- [Exercise materials]
■ ■ ■ ■ ■ ■ ■

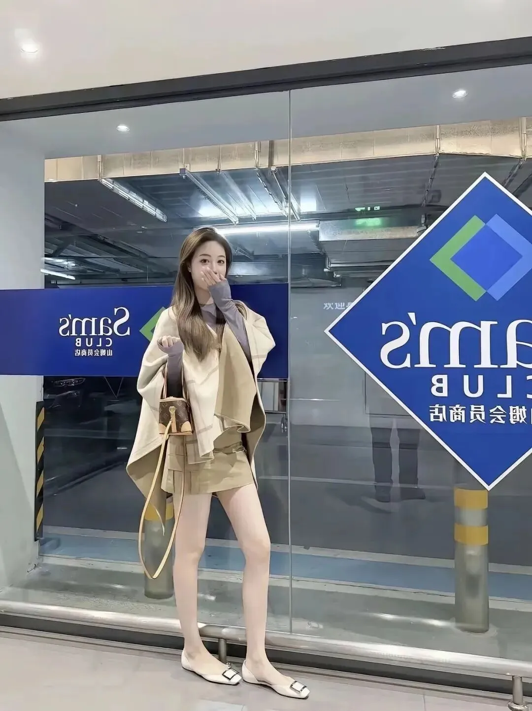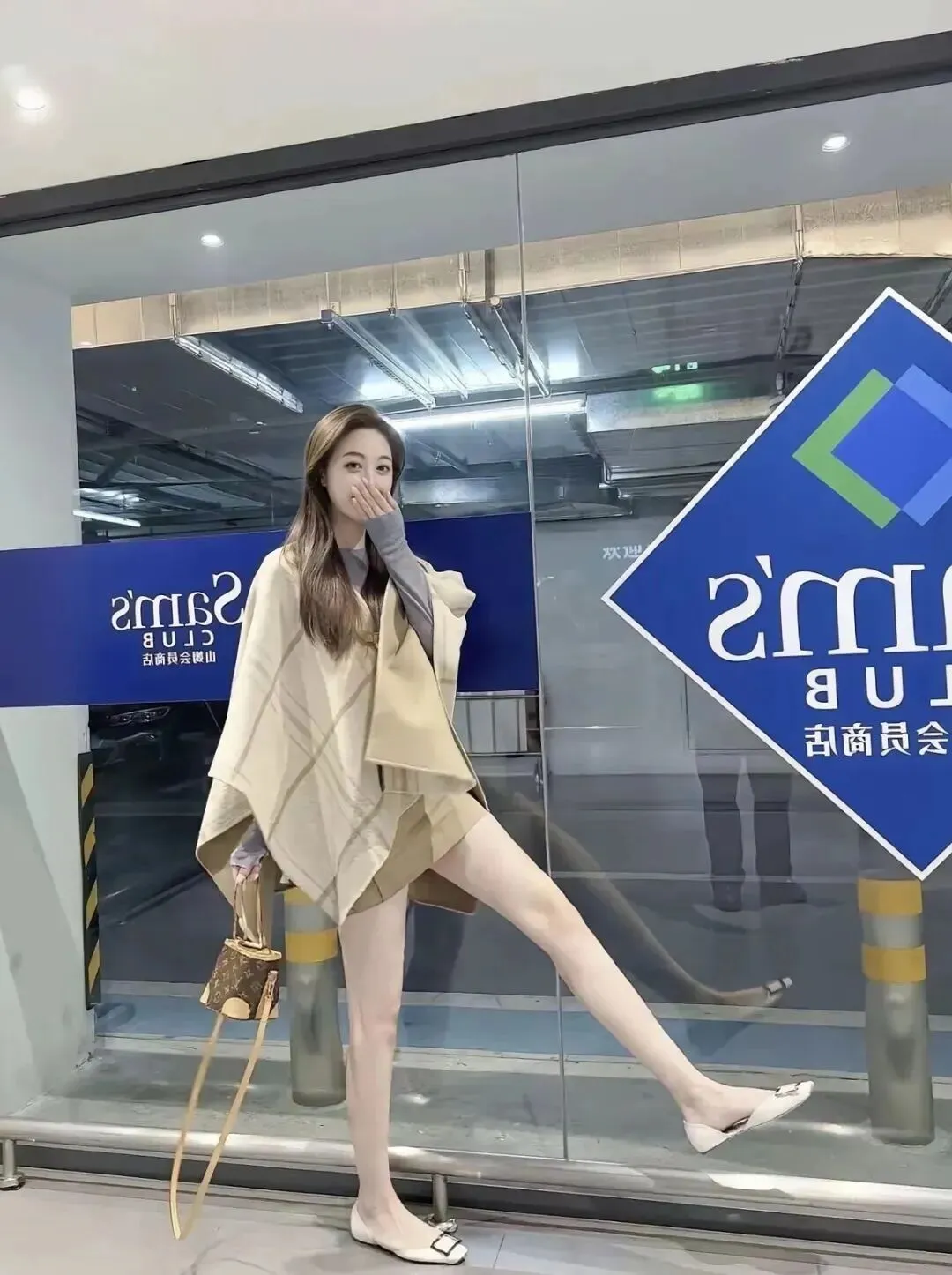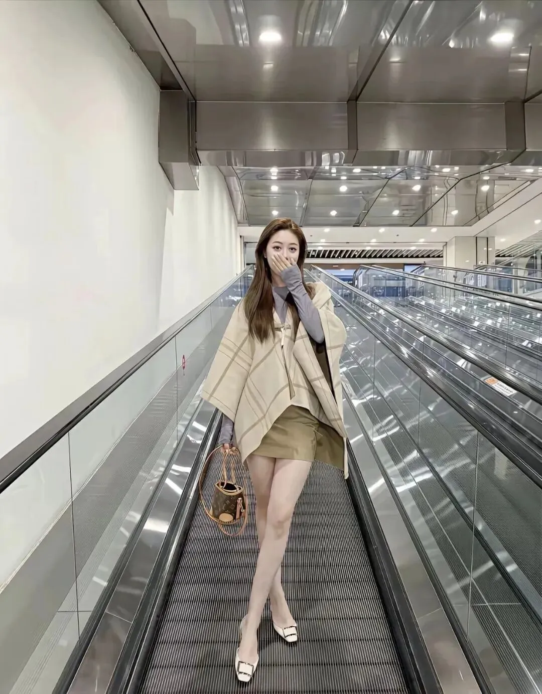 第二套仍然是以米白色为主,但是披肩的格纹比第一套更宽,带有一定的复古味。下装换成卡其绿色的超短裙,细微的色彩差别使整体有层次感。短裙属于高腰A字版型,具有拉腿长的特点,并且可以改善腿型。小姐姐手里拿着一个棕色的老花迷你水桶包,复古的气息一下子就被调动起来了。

■ ■ ■ ■ ■ ■ ■

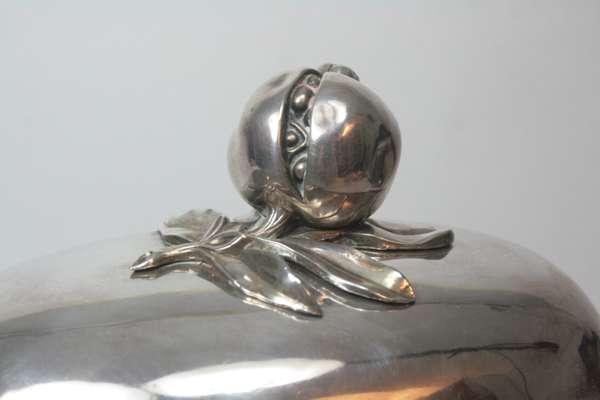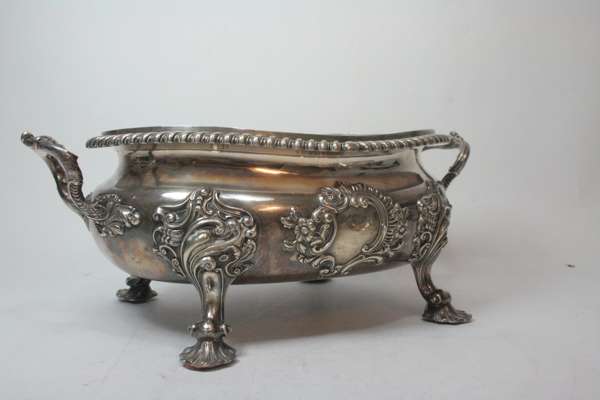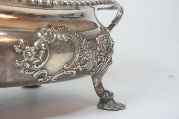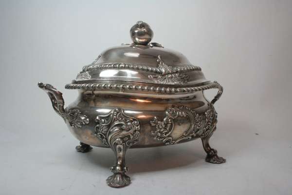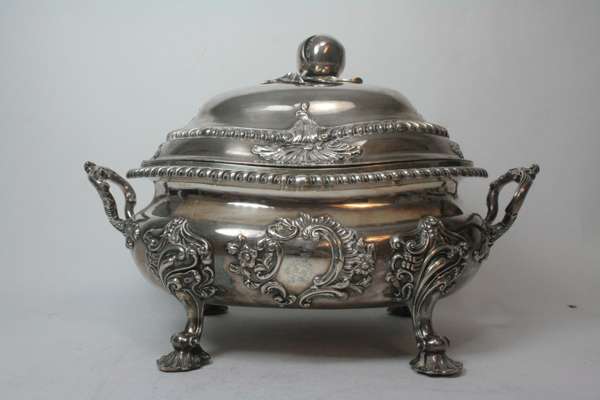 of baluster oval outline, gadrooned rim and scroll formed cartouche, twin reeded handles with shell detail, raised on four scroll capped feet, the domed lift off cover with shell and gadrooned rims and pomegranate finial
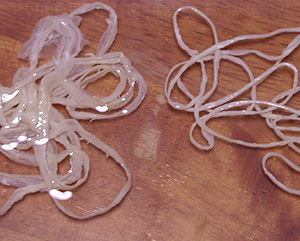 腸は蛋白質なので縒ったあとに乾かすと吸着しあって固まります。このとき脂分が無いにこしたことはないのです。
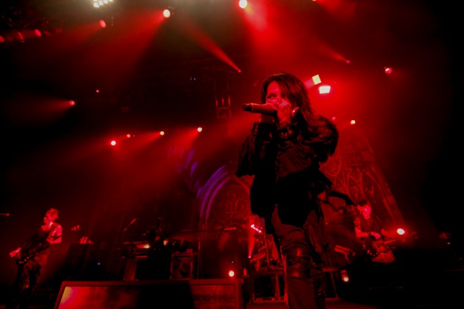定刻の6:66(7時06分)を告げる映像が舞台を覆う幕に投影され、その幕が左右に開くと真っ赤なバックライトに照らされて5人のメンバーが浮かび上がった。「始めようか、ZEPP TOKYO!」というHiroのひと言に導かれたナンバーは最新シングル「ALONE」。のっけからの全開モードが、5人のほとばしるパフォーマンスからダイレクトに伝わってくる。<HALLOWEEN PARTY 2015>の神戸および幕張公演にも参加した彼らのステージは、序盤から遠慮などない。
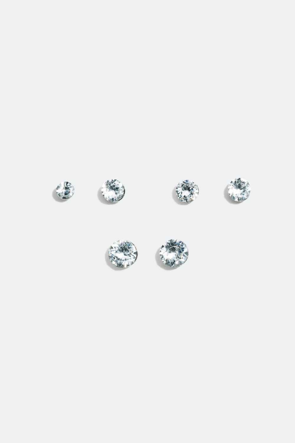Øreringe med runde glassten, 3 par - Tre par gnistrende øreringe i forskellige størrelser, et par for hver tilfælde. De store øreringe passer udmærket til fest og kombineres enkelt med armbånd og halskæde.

■ ■ ■ ■ ■ ■ ■

- [What you are asked to do] Copy the lines above between the one holding "腸は蛋白質なので縒ったあとに" and the one holding "Øreringe med runde", inclusive. Drop the pictures.

- [Exercise result]
 腸は蛋白質なので縒ったあとに乾かすと吸着しあって固まります。このとき脂分が無いにこしたことはないのです。
定刻の6:66(7時06分)を告げる映像が舞台を覆う幕に投影され、その幕が左右に開くと真っ赤なバックライトに照らされて5人のメンバーが浮かび上がった。「始めようか、ZEPP TOKYO!」というHiroのひと言に導かれたナンバーは最新シングル「ALONE」。のっけからの全開モードが、5人のほとばしるパフォーマンスからダイレクトに伝わってくる。<HALLOWEEN PARTY 2015>の神戸および幕張公演にも参加した彼らのステージは、序盤から遠慮などない。
Øreringe med runde glassten, 3 par - Tre par gnistrende øreringe i forskellige størrelser, et par for hver tilfælde. De store øreringe passer udmærket til fest og kombineres enkelt med armbånd og halskæde.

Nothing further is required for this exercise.